Протоптанной тропинкой идем в деревню. Торжество, видно, уже началось. Слышны звуки священных флейт и глухой рокот барабанов. Постепенно образуется круг возбужденных аборигенов. Среди них нет ни одной женщины. Звуки дудок отпугивают всю молодежь и женщин деревни. В середине круга вижу юношу в юбочке из листьев и в своего рода манишке на груди. Его ноги, как и «манишка», измазаны белой краской. Кожа юноши блестит — неизвестно, от пота или жировой смазки. В лохматых волосах торчит цветок, лицо припудрено измельченными в порошок листьями.
Раздается тихий свист. Рослый мужчина изо всех сил хлещет гибкими прутьями по поднятой руке юноши, но его лицо даже не дрогнет. Удары непрерывно сыплются на руки и на раскрашенные ноги. Ломаются прутья, порка продолжается уже добрых пять минут. Слышны лишь тяжелые вздохи зрителей да свист розг.

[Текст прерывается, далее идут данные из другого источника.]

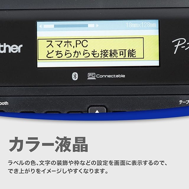 スペック・機能:カラー液晶、オートカッター、テープカセットカラー検知、最高30mm/秒の高速印刷、ローマ字入力・かなめくり入力
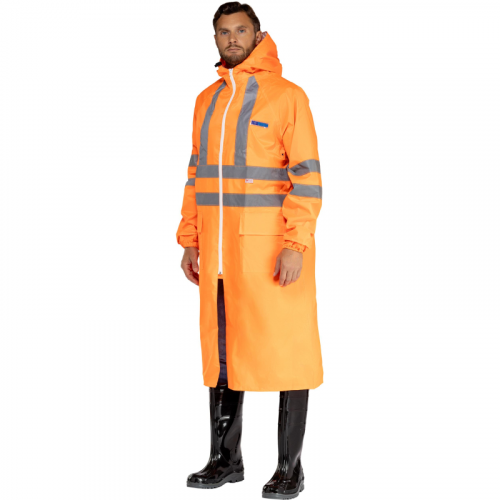 Плащ влагозащитный Extra-Vision WPL ПВХ на молнии оранжевый с СОП (размер 48-50, рост 170-176)Влагозащитный плащ с центральной застежкой на молнию оснащен двумя накладными карманами и регулируемым капюшоном с кулиской для комфортной посадки. Оранжевый цвет изделия дополнен светоотражающей полосой шириной 50 мм, обеспечивающей видимость в темное время суток. Все швы плаща загерметизированы специальной лентой, что усиливает защиту от влаги.Изготовлен из прочной плащевой ткани с ПВХ-покрытием, плотность ткани составляет 225 г/кв.м. Водоупорность плаща - не менее 5000 мм водяного столба. Это изделие соответствует европейским стандартам по содержанию вредных веществ, что подтверждает его экологическую безопасность. Коллекция непромокаемой одежды Extra-Vision включает костюмы (куртка и брюки) Extra-V-КБР и плащи Extra-V-ПЛ, доступные в неоновой оранжевой и лимонной цветовой гамме с отделкой светоотражающими полосами.Защитные свойства:- Со - одежда сигнальная повышенной видимости (3 класс защиты);- Вн - одежда водонепроницаемая (3 класс защиты).Тип силуэта - свободный, не стесняющий движений. Карманы накладные, расположены на передней части. Капюшон с регулировкой объема. Связка швов усилена для лучшей износостойкости. Световозвращающие элементы повышают видимость в условиях плохой освещенности.Стандарты: ГОСТ 12.4.281-2014, ТР ТС 019/2011, ГОСТ Р 12.4.288-2013. Рекомендации по уходу: стирка при температуре не выше 30C, не использовать отбеливатели, не гладить. target="_blankПодобрать размерЦвет на изображении товара в интернет-магазине или в печатном каталоге может отличаться от оригинала из-за особенностей цветопередачи.

Барабанная дробь нарастает, сильнее звучат и дудки. Среди костров появляется какое-то странное существо. Это Дук-дук, главная фигура обряда. Она двигается под неистовые звуки барабана, чем-то напоминая новогвинейского страуса. Поразительное зрелище: голова Дук-дука прикрыта высокой, конусообразной маской с нарисованными на ней глазами, вся остальная часть тела, от плеч до колен, покрыта плотной массой концентрически уложенных листьев. Дук-дук похож на густую елку. При резких прыжках танцора слышен ритмичный шелест тяжелых листьев. Не могу оторвать глаз от этой диковинной фигуры и чувствую, как меня охватывает возбуждение, не меньше чем моих соседей. Вижу, как на танцора падает снизка тамбу. Очевидно, это дар, предназначенный ему в связи с обрядом инициации. Дук-дук мечется в ритме барабанов так, как он, вероятно, метался веками, когда его племя карало преступников.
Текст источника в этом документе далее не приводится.